May 20, 2009

Hitting the Worry Motherlode

Suze Orman is Having a Moment in the Sunday New York Times Magazine

The career of any financial adviser thrives on worry, and Orman, already the best-known financial adviser in the country, has hit the worry motherlode. In January, “Suze Orman’s 2009 Action Plan,” a guide to the economic crisis, made the best-seller list. Around the same time, Oprah Winfrey began giving the book away free in digital form on her Web site. (After Winfrey announced the offer, the book was downloaded more than two million times in one week.) Overall viewership on “The Suze Orman Show” is up 22 percent from this time last year, and the urgency of the calls has increased, too.
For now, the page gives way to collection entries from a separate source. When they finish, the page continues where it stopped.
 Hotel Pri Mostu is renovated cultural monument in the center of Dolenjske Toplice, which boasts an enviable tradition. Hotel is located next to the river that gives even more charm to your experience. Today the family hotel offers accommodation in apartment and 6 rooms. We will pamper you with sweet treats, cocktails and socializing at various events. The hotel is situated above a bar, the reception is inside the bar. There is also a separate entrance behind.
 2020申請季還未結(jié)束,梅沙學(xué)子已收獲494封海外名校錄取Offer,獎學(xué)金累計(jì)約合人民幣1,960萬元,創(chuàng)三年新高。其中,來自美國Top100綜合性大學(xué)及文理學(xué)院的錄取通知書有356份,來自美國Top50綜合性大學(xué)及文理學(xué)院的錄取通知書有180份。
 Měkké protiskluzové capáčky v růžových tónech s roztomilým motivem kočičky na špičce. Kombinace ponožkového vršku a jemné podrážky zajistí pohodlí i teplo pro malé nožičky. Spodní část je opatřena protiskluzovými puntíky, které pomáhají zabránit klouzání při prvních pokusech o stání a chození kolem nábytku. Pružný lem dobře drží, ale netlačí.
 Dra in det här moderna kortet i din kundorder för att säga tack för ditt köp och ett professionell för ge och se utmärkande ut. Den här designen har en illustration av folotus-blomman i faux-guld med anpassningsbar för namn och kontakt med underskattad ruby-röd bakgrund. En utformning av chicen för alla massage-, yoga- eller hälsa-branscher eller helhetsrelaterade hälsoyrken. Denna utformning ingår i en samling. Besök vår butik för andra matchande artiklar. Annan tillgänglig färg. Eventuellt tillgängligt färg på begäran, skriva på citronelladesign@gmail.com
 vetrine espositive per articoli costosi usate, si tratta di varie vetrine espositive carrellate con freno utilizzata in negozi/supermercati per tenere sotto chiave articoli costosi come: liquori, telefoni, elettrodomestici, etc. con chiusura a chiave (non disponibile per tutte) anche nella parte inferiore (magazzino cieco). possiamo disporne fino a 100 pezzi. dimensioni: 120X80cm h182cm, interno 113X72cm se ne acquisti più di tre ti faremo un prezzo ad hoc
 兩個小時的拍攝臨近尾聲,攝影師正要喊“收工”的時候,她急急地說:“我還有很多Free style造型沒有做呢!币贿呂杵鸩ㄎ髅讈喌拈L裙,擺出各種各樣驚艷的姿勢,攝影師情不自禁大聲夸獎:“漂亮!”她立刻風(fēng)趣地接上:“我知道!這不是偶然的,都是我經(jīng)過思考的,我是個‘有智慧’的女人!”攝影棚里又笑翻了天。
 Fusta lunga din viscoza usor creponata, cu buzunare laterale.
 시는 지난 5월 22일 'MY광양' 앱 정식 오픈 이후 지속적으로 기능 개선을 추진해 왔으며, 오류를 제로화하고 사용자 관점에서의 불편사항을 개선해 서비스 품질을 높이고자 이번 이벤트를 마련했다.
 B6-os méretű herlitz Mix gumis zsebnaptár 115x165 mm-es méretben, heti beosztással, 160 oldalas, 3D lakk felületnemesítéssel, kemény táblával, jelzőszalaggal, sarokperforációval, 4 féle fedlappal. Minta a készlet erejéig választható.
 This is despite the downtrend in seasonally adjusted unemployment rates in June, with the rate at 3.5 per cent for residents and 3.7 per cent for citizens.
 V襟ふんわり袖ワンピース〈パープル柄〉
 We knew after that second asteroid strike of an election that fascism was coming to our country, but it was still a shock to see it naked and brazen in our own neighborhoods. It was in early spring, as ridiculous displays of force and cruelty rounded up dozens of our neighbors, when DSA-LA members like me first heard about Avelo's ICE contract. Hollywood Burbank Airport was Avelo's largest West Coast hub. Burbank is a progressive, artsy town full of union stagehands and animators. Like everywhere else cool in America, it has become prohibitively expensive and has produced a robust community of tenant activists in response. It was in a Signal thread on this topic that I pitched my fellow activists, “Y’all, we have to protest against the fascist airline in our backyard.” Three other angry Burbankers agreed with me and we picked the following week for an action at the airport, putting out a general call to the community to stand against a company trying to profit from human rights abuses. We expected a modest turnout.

Instead of asking about what kind of mortgage makes the most sense, her viewers are calling with questions of survival like, If I have to default on one of my various lines of debt, which one should I abandon first?

With the change in the economic climate, Orman’s role in the culture has shifted from pop finance guru to something more like a trusted national adviser.

What’s most striking about Orman’s frenetic, outsize celebrity is how starkly it contrasts with the sober simplicity of her message.
Track your spending. Stay out of debt. Take care of your car. Look into a Roth I.R.A. Though she is larger than life and wealthy, her primary message is not about larger-than-life ambition or a sky-high entrepreneurial spirit. Orman’s advice rarely sounds like “Go West, young man.” It sounds more like, “Everyone should have a liquid eight-month emergency fund.”